Trump calls for Supreme Court to ‘intercede’ after third indictment

Former president Donald Trump arrives at Ronald Reagan Washington National Airport in Arlington, Va. on Thursday, August 3, 2023 after appearing at E. Barrett Prettyman United States Court House. 

Tom Brenner | The Washington Post | Getty Images

Less than one day after being arraigned on charges of trying to subvert the 2020 presidential race, former President Donald Trump on Friday called for the U.S. Supreme Court to step into the 2024 contest.

Trump, the top contender in the Republican presidential primary, claimed that dealing with numerous ongoing legal battles amounts to “election interference” — the very thing he is accused of conspiring to do in his latest indictment.

“My political opponent has hit me with a barrage of weak lawsuits, including D.A., A.G., and others, which require massive amounts of my time & money to adjudicate,” Trump wrote on Truth Social on Friday morning.

“Resources that would have gone into Ads and Rallies, will now have to be spent fighting these Radical Left Thugs in numerous courts throughout the Country,” Trump wrote. “I am leading in all Polls, including against Crooked Joe, but this is not a level playing field.”

“It is Election Interference, & the Supreme Court must intercede,” he wrote.

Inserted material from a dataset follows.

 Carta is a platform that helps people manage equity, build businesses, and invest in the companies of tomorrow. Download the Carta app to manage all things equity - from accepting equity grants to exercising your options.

While the Supreme Court has in the past been tasked with making major decisions about presidential elections — perhaps most notably by ruling on a disputed recount in Florida in 2000 — it’s far from clear what Trump expects the high court to do about his 78 criminal charges. In most cases, the Supreme Court has appellate jurisdiction, meaning it considers cases that have been appealed from lower courts.

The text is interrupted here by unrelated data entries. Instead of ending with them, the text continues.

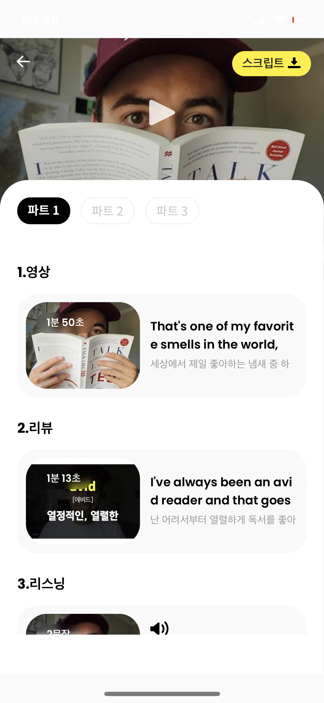 기존 쓰던것들은 스크립트가 없어서 따로 공책에 적어가며 공부를 했었는데
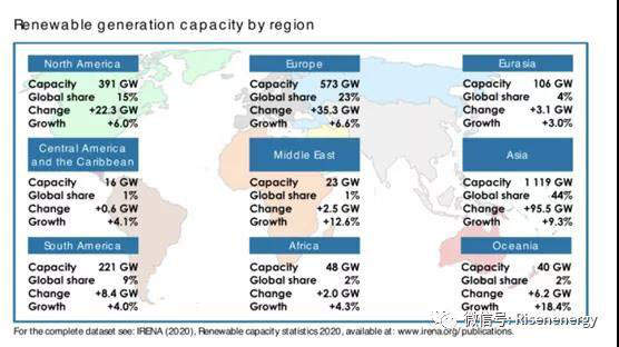 到2019年底為止,各大洲的可再生能源裝機(jī)容量、在全球占比、2019年增量、增速如下圖所示:
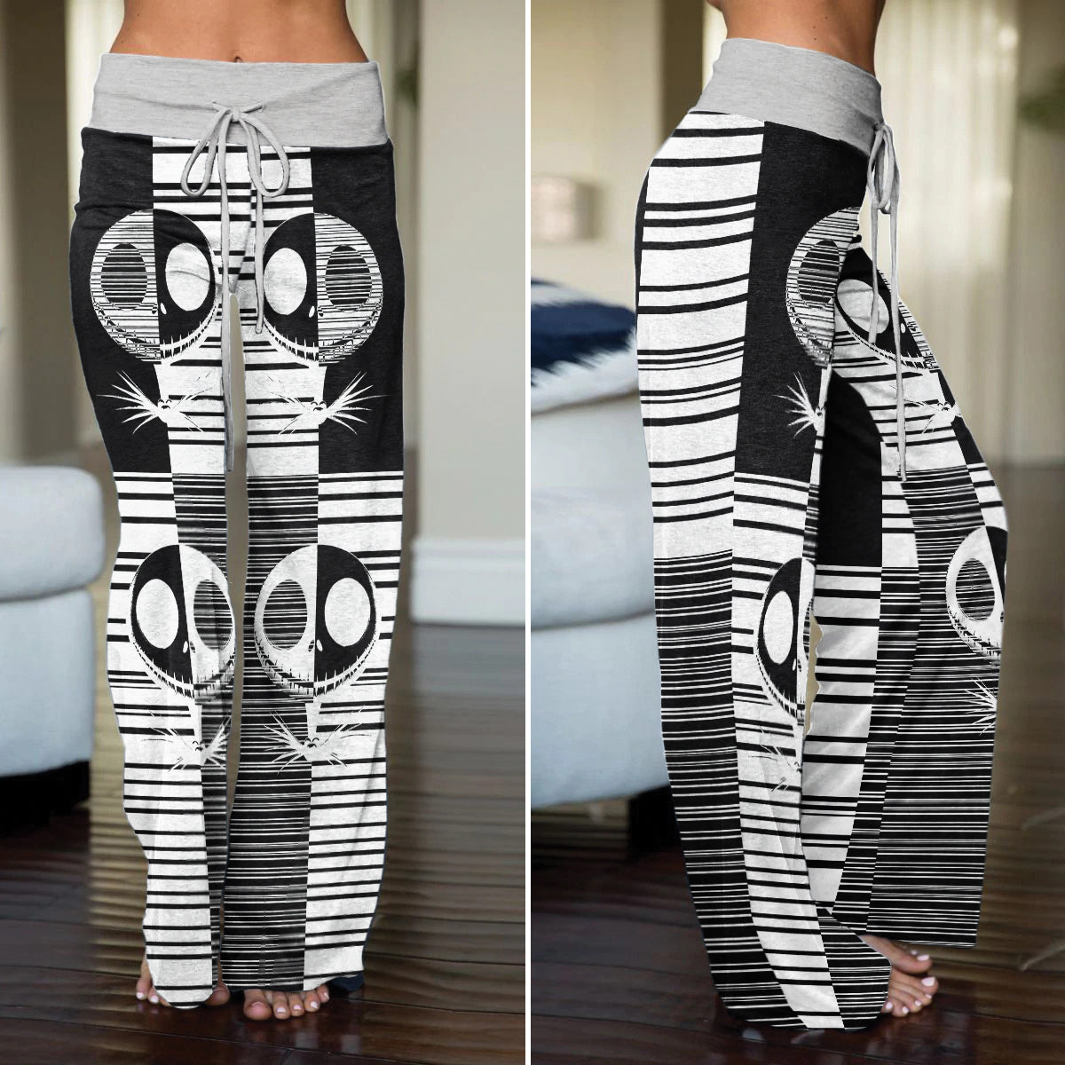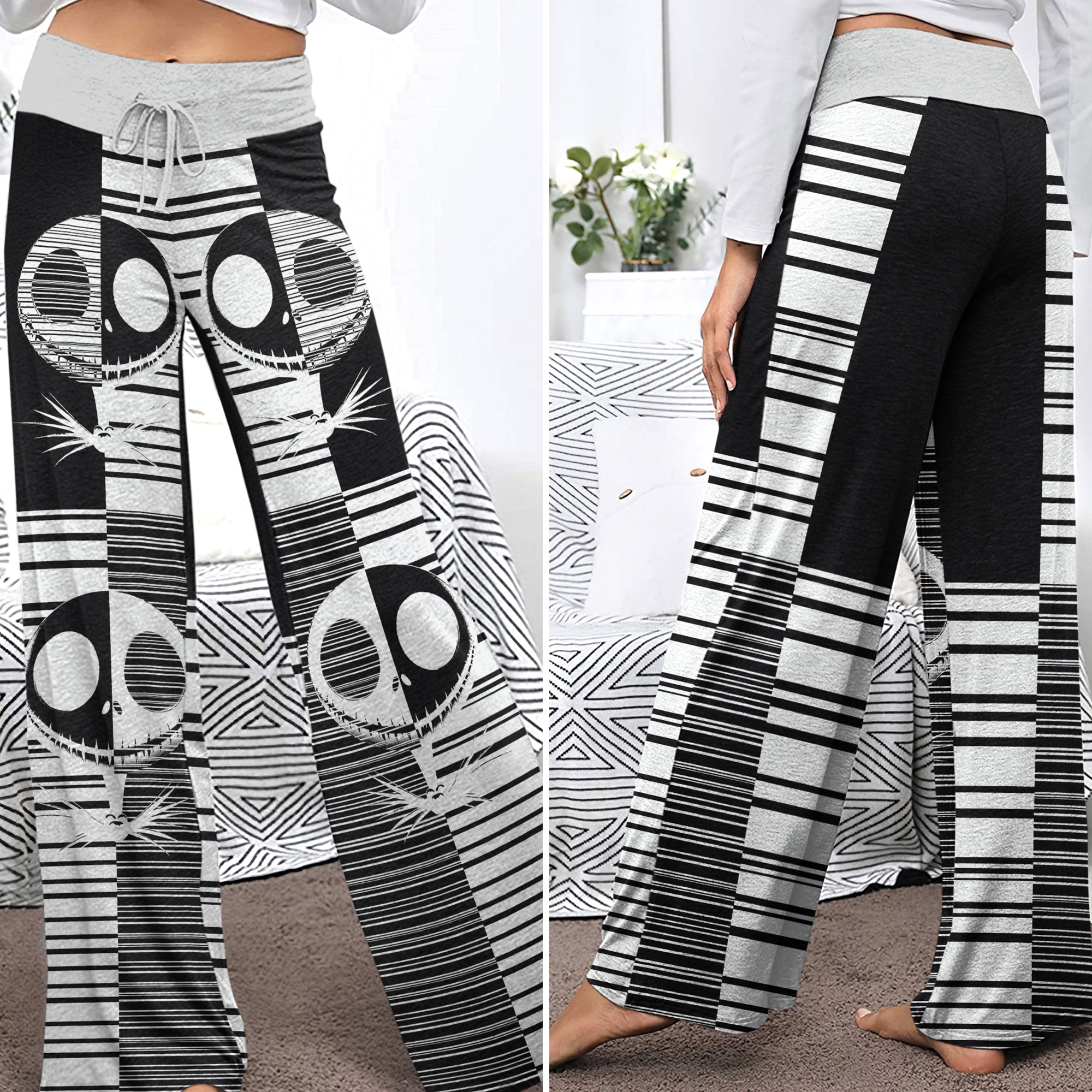 Enjoy the comfort and quality of the Black & White Nightmare Art High-waisted Wide Leg Pants. Constructed from a premium lightweight fabric, it offers unlimited movement, along with a unique and stylish pattern. It features a wide waistband for a streamlined and flattering fit. Perfect for any occasion, these trousers provide the perfect blend of classic style and modern design.

The Supreme Court did not immediately respond to CNBC’s request for comment. A Trump campaign spokesman did not immediately respond to questions about the former president’s post.

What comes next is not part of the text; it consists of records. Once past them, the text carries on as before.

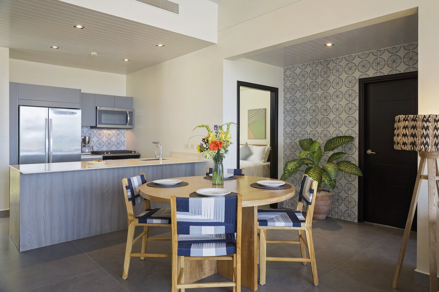 Step inside the Luxury Oceanview Condo in La Santa Maria and experience modern coastal elegance. The open-concept design is bright and airy, with floor-to-ceiling glass doors leading to a private terrace where you can soak in the stunning ocean views. The kitchen features high-end appliances, quartz countertops, custom tile work, and custom cabinetry, making it perfect for entertaining.
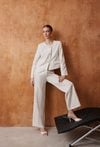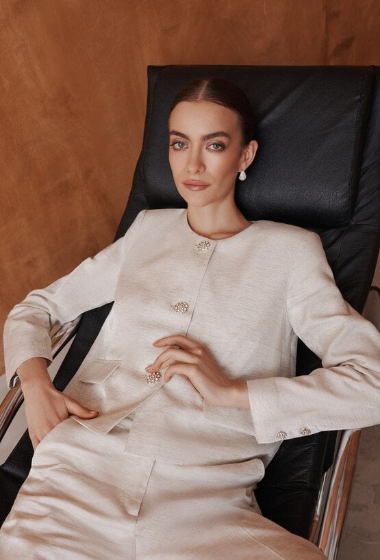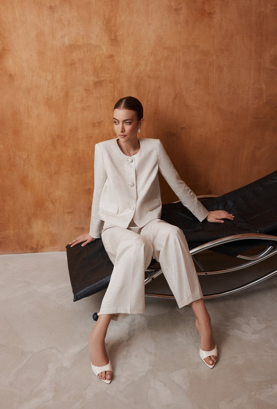 Spodnie damskie o eleganckim, szerokim kroju. Model z prostą nogawką oraz wygodnym zapięciem w pasie, który zapewnia estetyczne dopasowanie do sylwetki. Damskie spodnie doskonale sprawdzą się w stylizacjach wizytowych oraz bardziej wyrazistych zestawach. Model można zestawić z pasującą marynarką i kamizelką z tej samej linii, tworząc elegancki i spójny komplet. Kod do marynarki: 26L-BZR0280, kod do kamizelki" 26L-BZR0330. Modelka na zdjęciu ma 177 cm wzrostu i prezentuje rozmiar 36.
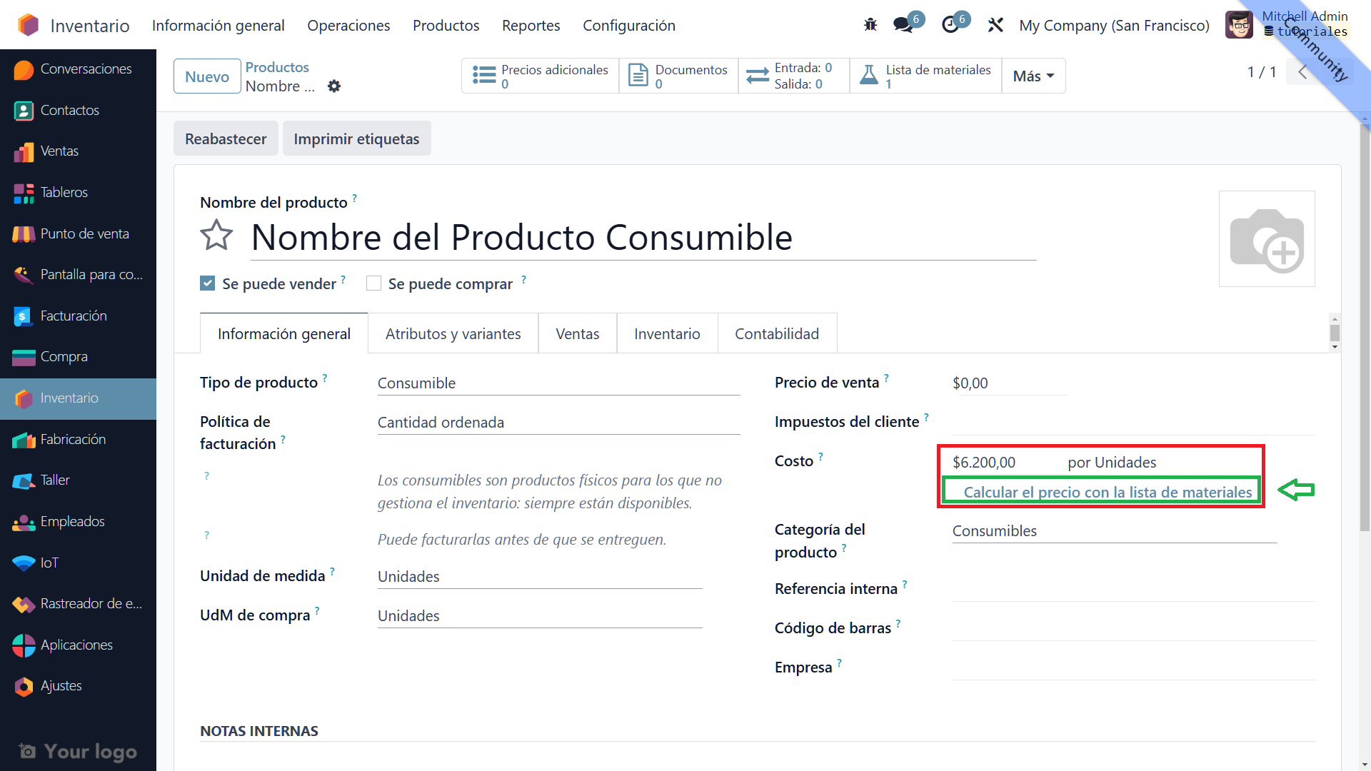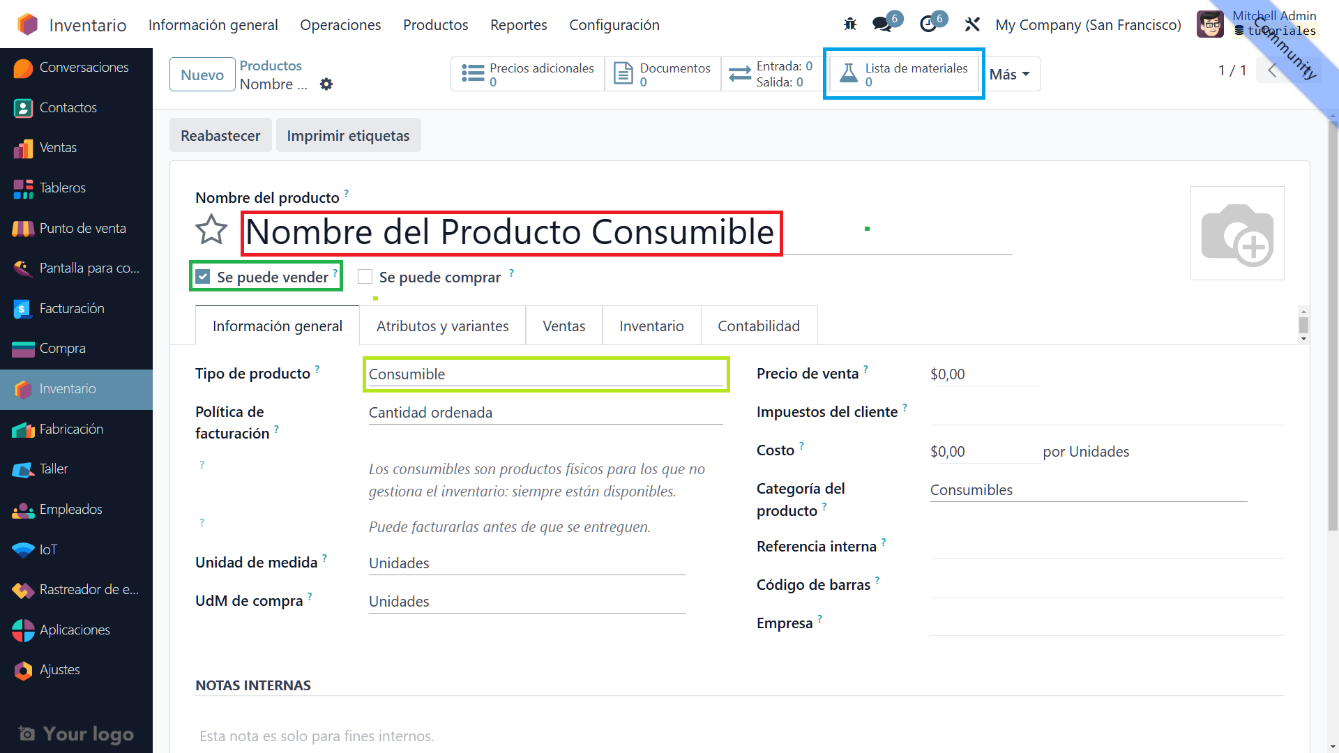 - Tipo de producto: Selecciona "Consumible".

Trump was charged Tuesday with four criminal counts related to his efforts to overturn his loss to President Joe Biden in 2020.

The indictment, brought by special counsel Jack Smith, alleges a monthslong effort by Trump and a half-dozen co-conspirators to keep his hold on the presidency through a shifting, multi-layered conspiracy that violated multiple federal statutes, including Conspiracy to Defraud the United States.

The indictment centers on Trump’s actions leading up to and during Jan. 6, 2021, when a congressional meeting to confirm Biden’s electoral victory was derailed by a violent pro-Trump mob that stormed the U.S. Capitol.

Trump pleaded not guilty Thursday in federal court in Washington, D.C., just blocks from the Capitol. Trump has suggested that the case should be moved out of D.C., where a jury would be picked from a Democratic-leaning population, to a state like West Virginia, which voted heavily for Trump in the 2016 and 2020 elections.

It was the third time this year that the former president has pleaded not guilty to criminal charges. Trump was arraigned in June on federal charges stemming from his efforts to keep classified documents after leaving the presidency. Trump was also charged by Manhattan prosecutors with falsifying business records related to hush money payments to women who say they had extramarital affairs with him. Trump has denied cheating on his wife.

Thursday’s arraignment may not be Trump’s last. Fulton County District Attorney Fani Willis is expected to seek indictments this month after investigating efforts by Trump and his allies to overturn his loss in Georgia’s 2020 election.

Despite the dozens of criminal charges weighing on Trump, his presidential campaign appears to keep rising above his GOP competitors.

A recent New York Times/Siena College poll of likely Republican primary voters found Trump outpacing Florida Gov. Ron DeSantis by wide double-digit margins. In Iowa, a key nominating state for Republicans, Trump holds a smaller but still commanding lead, according to another Times/Siena poll published Friday.